What America's problem is today is that too many are unwilling to use violence when it is the only option. More people today have no nerve as compared to prior generations.

Todd00000
05-19-15, 00:38
This is something I've been thinking for a while. I'm a bit torn to be honest. To be clear, I'm talking about American society as a whole, for what it's worth. It's without doubt that America has a warrior subculture... we're all part of it. The question is more... can America itself be considered a warrior culture. And yes, it's more difficult because 99%+ of the population immigrated at some point.

Look at a wide spectrum of warrior cultures, like the Sengoku-era Japanese, the Maori, the Mongols, the late Republic and early Roman Empire, the Spartans, the Apache, and the Vikings. From honorable single combat to professional conscripted soldiers, from hunters-turned-conquerors to fearless raiders just trying to get by. There's a huge variety of what any person could consider a warrior culture. But is America such a culture?

Can you define a warrior culture by the percentage that participates in war? Japan may be disqualified if that's the case.

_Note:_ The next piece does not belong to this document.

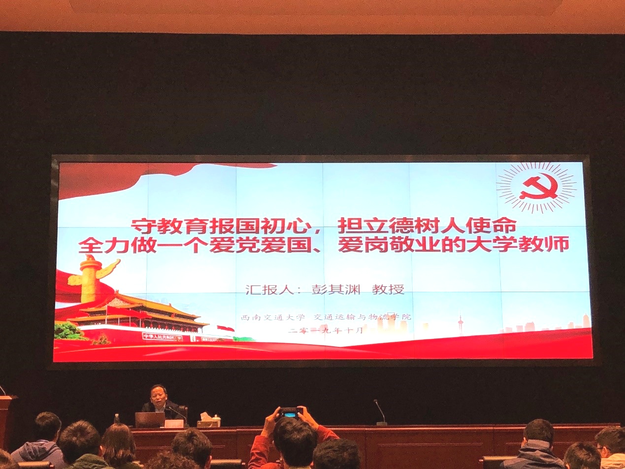 437bwin必赢国际党员集中培训暨先进事迹报告会于10月23日下午16:00在犀浦校区交运楼418报告厅开展,由国家教学名师彭其渊教授做“守教育报国初心,担立德树人使命,全力做一个爱党爱国、爱岗敬业的大学教师”专题报告。

Perhaps the percentage of time that the society spends in warfare versus in peace? But if that were the case, a great many nations, societies, and cultures would qualify that normally one would not think of as a warrior culture.

Maybe discipline? Discipline takes many forms and is worth talking about... although America has pretty much everything but discipline.

Maybe a willingness to die in combat? Is that for the entire population or just the warriors?Have we ever had it? Other than the South in the "War of Northern Aggression" and the Nation after Pearl Harbor there has always been a strong anti-war voice in America.

SeriousStudent
05-19-15, 21:45
Sadly, no. As noted above, subcultures. Maybe even subcultures within subcultures.

This is a good read: http://www.amazon.com/Stoic-Warriors-Ancient-Philosophy-Military/dp/019531591X/ref=sr_1_1?ie=UTF8&qid=1431967953&sr=8-1&keywords=stoic+warriors

That's a good book, I have it in my library.

And Marcus Aurelius should be required reading in school.

Hank6046
05-19-15, 22:30
That's a good book, I have it in my library.

And Marcus Aurelius should be required reading in school.

Great book, and this will never be taught in schools. “Everything we hear is an opinion, not a fact. Everything we see is a perspective, not the truth.” Marcus Aurelius, Meditations.